1.カルト被害者救済活動はどのように暴走して行ったのか

――杉本事件のあらまし――

①「随想 吉祥寺の森から」に見るカルト被害者救済活動の暴走
②最近の裁判におけるカルト被害者救済活動サイドの敗北
③自らカルト監視機構になろうとした「随想 吉祥寺の森から」
④カルト被害者救済活動によって悪用された「カルト」の概念
 
2.神の義によらない、自己の義に基づく救済運動の危険性
 
3.裁判の無用性

4.互いに訴え合うというカルト被害者救済活動の敗北
 
”いのちの御霊の路線”で生きるクリスチャンへの迫害




「わたしはあなたを民のうちに立て、
ためす者、試みる者とした。
あなたが彼らの道を知り、
それをためすことができるようにするためである。
彼らはみな、強情な反逆者であって、
歩きまわって人をそしる。
彼らは青銅や鉄であって、みな卑しいことを行う。
ふいごは激しく吹き、
鉛は火にとけて尽き、
精錬はいたずらに進む。
悪しき者がまだ除かれないからである。
主が彼らを捨てられたので、
彼らは捨てられた銀と呼ばれる』。」(エレミヤ6:27-30)



1.カルト被害者救済活動はどのように暴走して行ったのか
――杉本事件のあらましについて――


 2009年末、カルト被害者救済活動を支持する杉本徳久氏は、インターネットを通じて自身のブログ「随想 吉祥寺の森から」の中で、私ヴィオロンと、当時私の執筆していたブログ「東洋からの風の便りⅠ、Ⅱ」の一連の記事、および、当時私と関わりのあったクリスチャンの関係者一同を標的にして、いわれなく、約1千件以上のコメントを伴う虚偽に満ちた事実無根の非難・告発の記事を掲載し、これを機に、著作権侵害、肖像権の侵害、実名を公表したことによる名誉毀損などの数々の違法な行為を行ない、「東洋からの風の便り」を一時閉鎖に追い込み、また関係者一同の名誉を著しく傷つけました。

 前掲の「罪と罰――Sさんへの手紙」は杉本氏が起こしたこのような常軌を逸した事件に関して、私ヴィオロンが2010年にブログ上に第一回目に掲載した杉本氏への呼びかけです。文中のSさんとはすべて杉本徳久氏を指します。

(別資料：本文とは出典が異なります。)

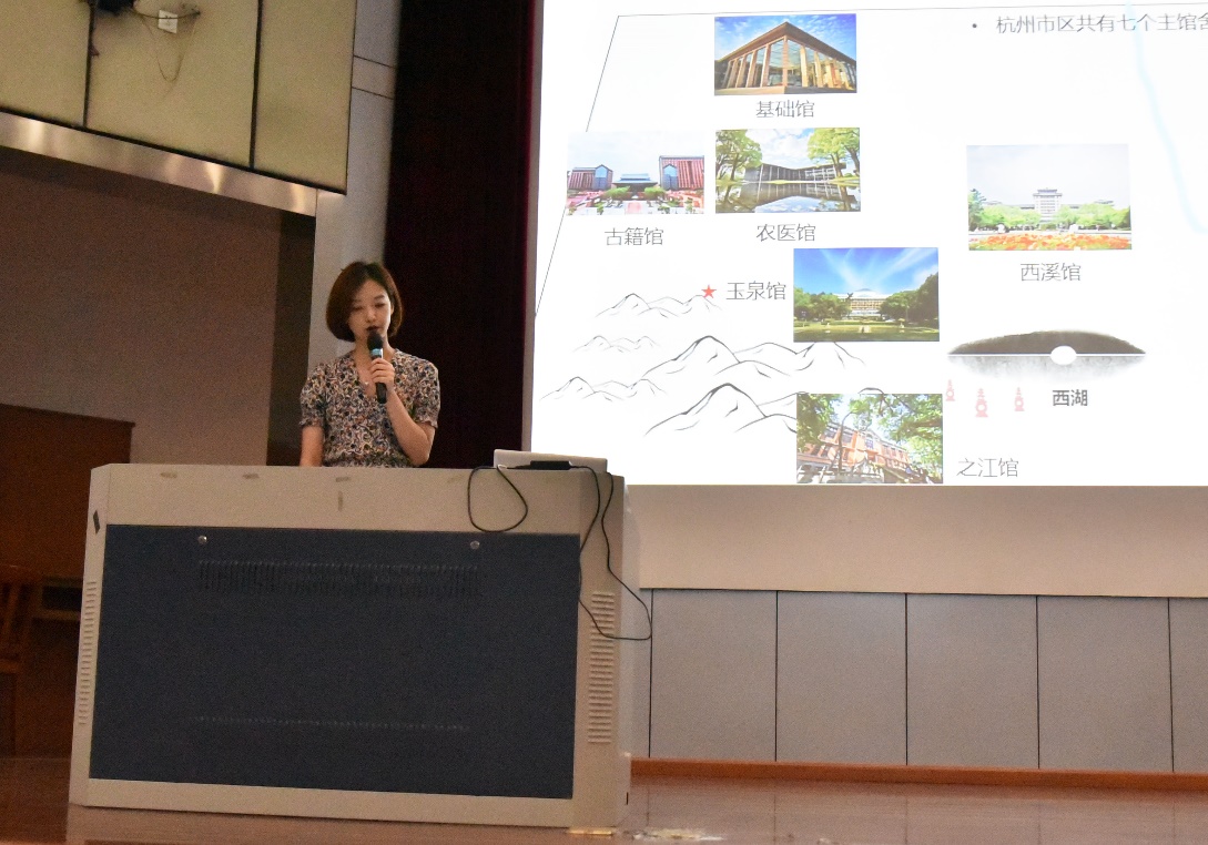 下午1时30分,浙江大学图书馆参考咨询部邵博云老师进行图书馆资源与服务专题的讲座。邵博云老师分别从馆舍,资源,服务三个方面向新生们展示了浙江大学图书馆九大馆舍概况,拓宽大家对图书馆资源与服务的认知。又详尽介绍了各图书馆节约技能的步骤,考虑到研究生们的科研工作需要,邵老师向大家展示了理工类常用的权威性中、外文数据库,介绍了图书馆包括信息共享空间、悦空间、芸阅读、文化讲座及展览等一系列服务以及预约使用方法,为同学们在学习和科研之余体验阅读的乐趣、开拓文化视野提供了良好的基础。

 ここにおいて私は、杉本氏が私や関係者を非難するためにブログに掲載した記事内容には膨大な虚偽が含まれていることを指摘し、さらに、杉本氏がそれまでブログ上で率先して行なってきた、キリスト教界にいるおびただしい数のクリスチャンの兄弟姉妹への告発・非難が、あまりにも度を越えて行き過ぎた行為であり、無実の兄弟姉妹を傷つけるものであり、この告発はただ杉本氏の個人的判断に基づいて行なわれているだけであって、全く正当な根拠がなく、さらに事実にも著しく反しており、個人のプライバシーの権利をも侵害しているなど、この世の数々の法律にも抵触していることから、違法な行為であり、何よりも聖書に著しく反している点で、クリスチャンにあるまじき所業であることを訴えました。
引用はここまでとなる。